In a 1991 review of the film, Rosencrantz And Guildenstern Are Dead, Roger Ebert speculates that Ros and Guild works better as a play than as a film. 

"The theatrical experience of "Rosencrantz and Guildenstern," which I saw in London during its first run in the 1960s, was an intellectual tennis game between playwright and audience, with Shakespeare's original text as the net. There was an audacity and freedom to the way Stoppard's characters lurked in the wings of Shakespeare's most perplexing tragedy, missing the point and inflating their own importance - they were the ants, without the rubber tree plant. The tension between what was center stage and what was offstage was the subject of the entire evening.

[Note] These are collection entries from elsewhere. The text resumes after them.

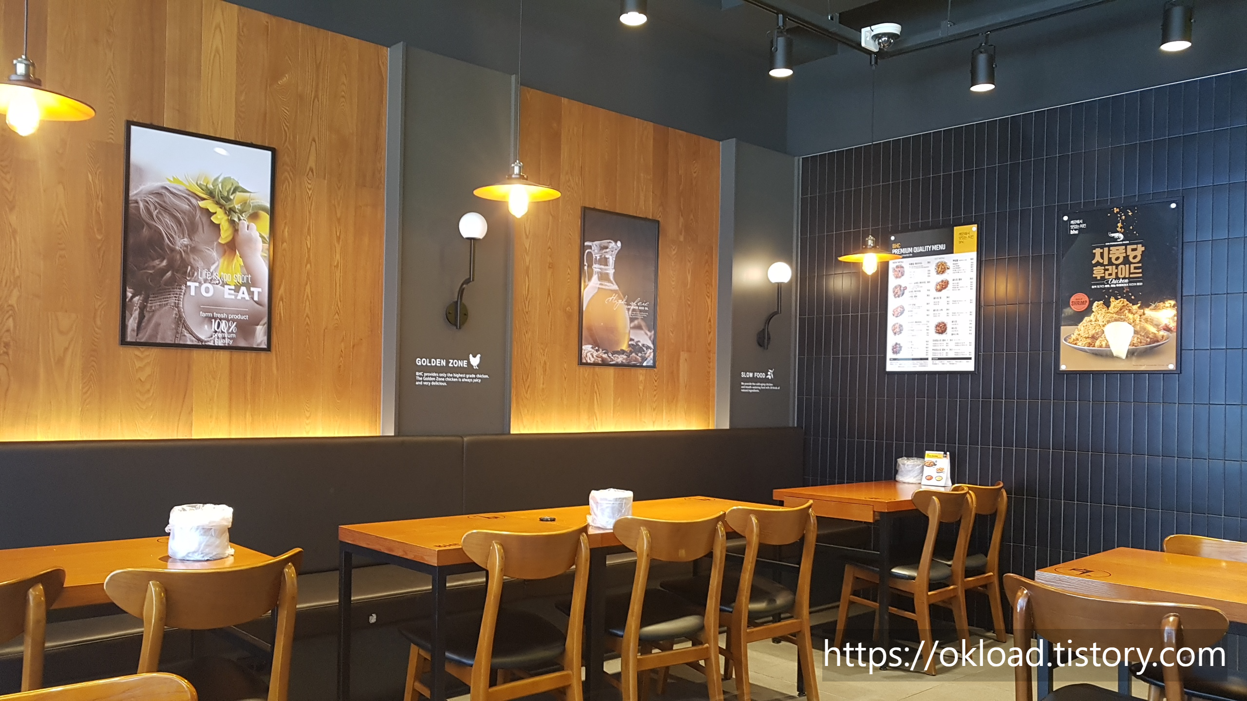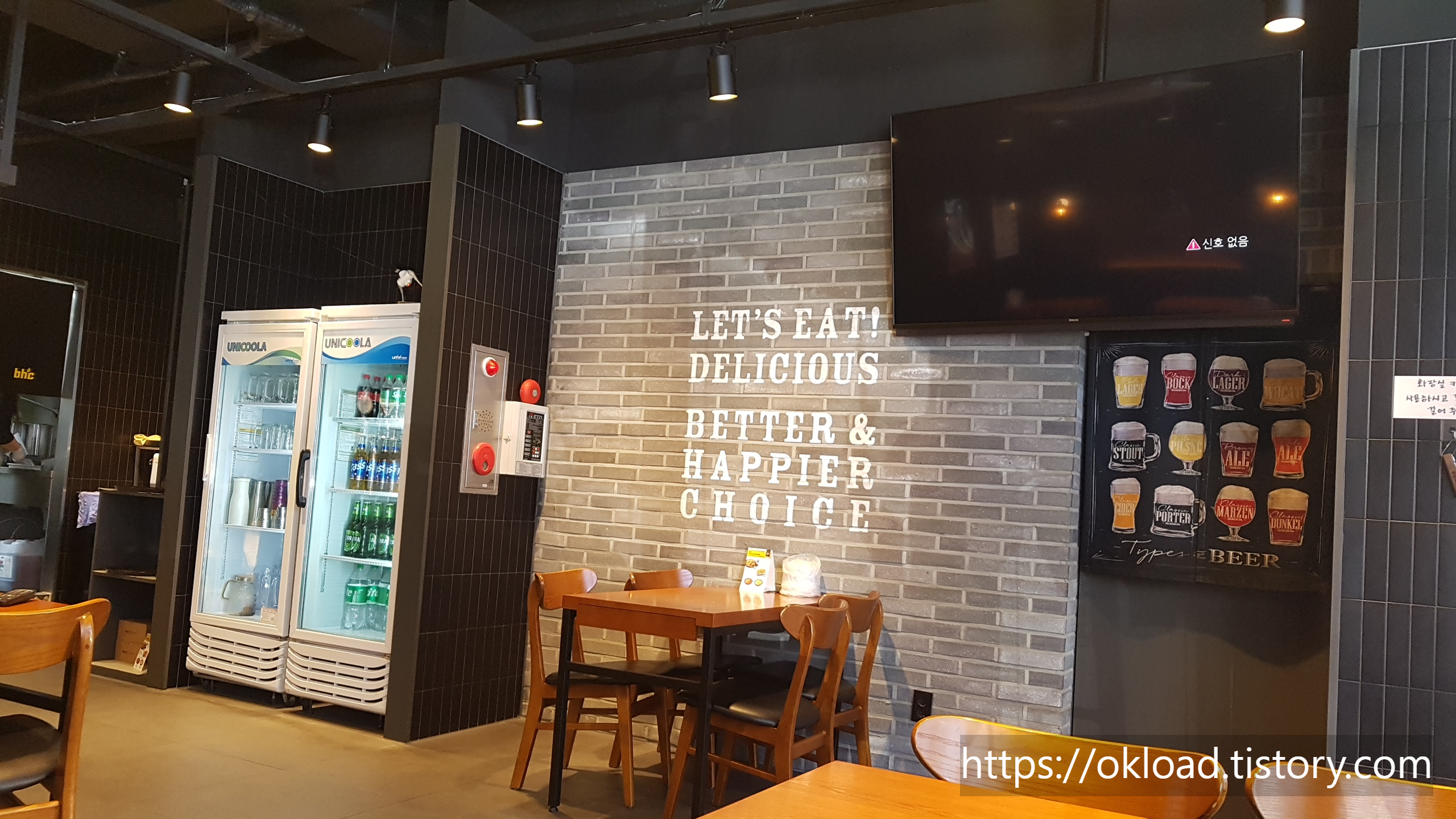 치맥을 즐기기에 부족함이 없는 실내 공간과 따뜻한 우드 질감의 테이블과 의자가 놓여있다. 대형 프랜차이즈 치킨집 답게 인테리어 수준이 우수하다. 벽에는 다소 사이즈가 아쉬운 TV가 설치되어 있는데, 스포츠를 일행들과 함께 치킨에 맥주를 마시며 관람할 수 있겠다. 특히, 곧 있으면 시작되는 카타르 월드컵 치킨집 특수를 사장님은 기대하고 있을 거다. 안면 안와골절 부상에도 불구하고 월드컵 출전을 감행한 대한민국 캡틴 손흥민이 그라운드를 누비는 모습은 벌써부터 기대된다. 손흥민을 필두로 나폴리 김민재, 슛돌이 이강인, 울버햄튼 황인찬 등 해외리그에서 활약하는 선수들 국가대표팀에서 함께 경기하는 장면은 생각만 해도 흥분된다. 가자! 대한민국! 16강! 8강! Go Go!
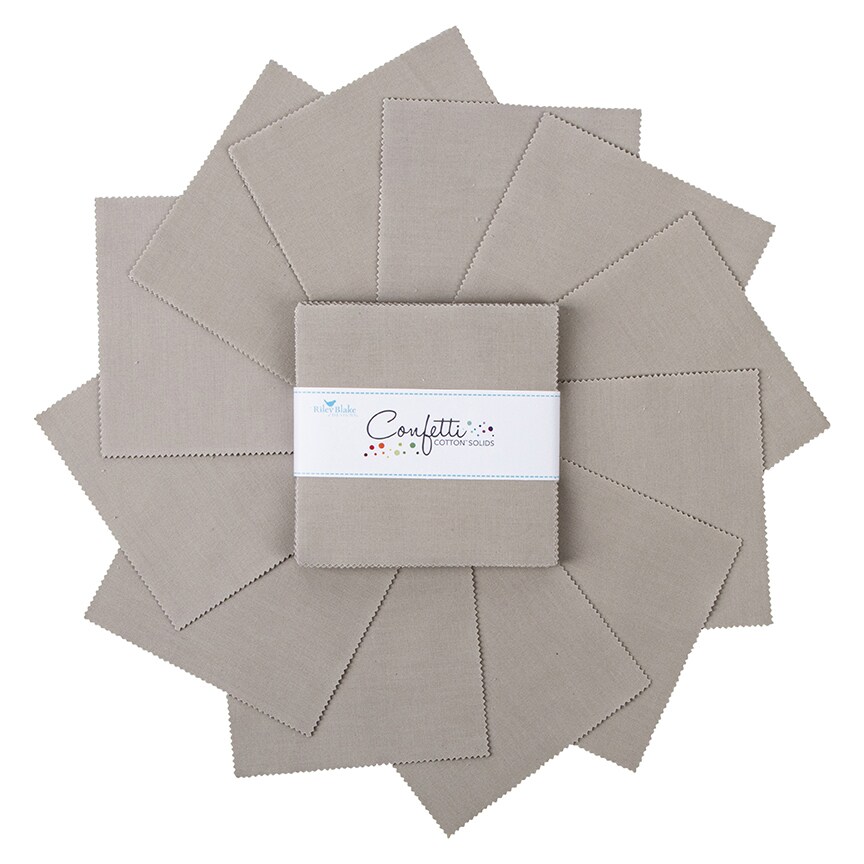 Confetti Cotton 5" Square Pack (Charm Pack / 5" Stacker) in Cobblestone by Riley Blake (5-120-COBBLESTONE-42)
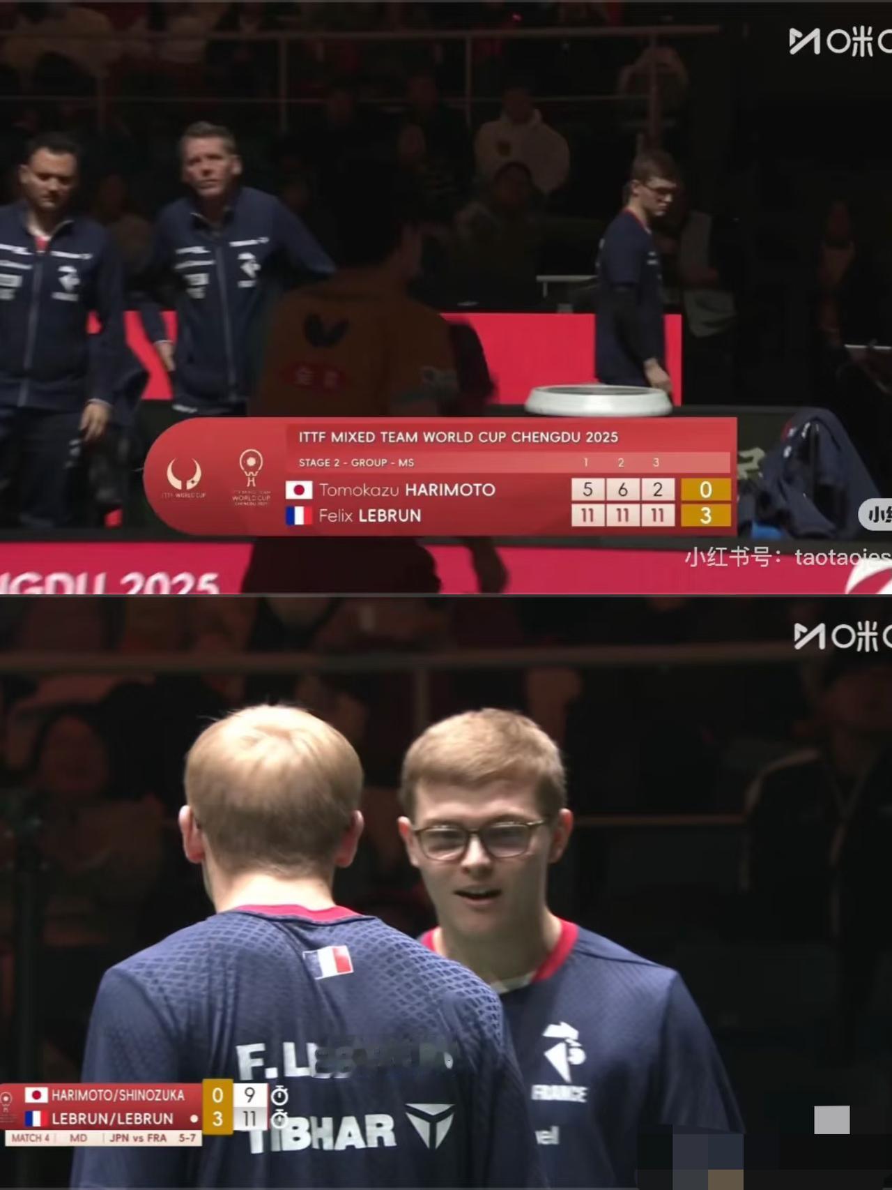 张本智和连输小勒布伦六局—输完男单输男双 勒布伦兄弟在混团真的是燃尽了, 可惜女队太拉垮, 不然法国队能进四强, 成都混团第二阶段最后一轮比赛, 张本智和0:3小勒布伦, 男双张本/大登0:3勒布伦兄弟, 张本智和休息三场比赛, 再次上场,喜提🥚! 所以还有不到三年的时间, 法国队是不容小觑的对手!

There is no offstage in the movies. The camera is a literal instrument that photographs precisely what is placed before it, and has trained us to believe that what we are looking at is what we should be looking at. Any medium that can make a star out of Mark Harmon can make heroes of Rosencrantz and Guildenstern. As for Hamlet and his uncle, and Gertrude, Ophelia, Polonius, Laertes - if they're so important, where are they? If Rosencrantz and Guildenstern were interesting characters on their own, this movie might yet survive its medium. But they are not. They are nonentities, and so intended. The most memorable performance in "Rosencrantz and Guildenstern" is the one by Richard Dreyfuss, as the leading player of the visiting troupe, and he becomes memorable in the time-honored way, by stealing his scenes."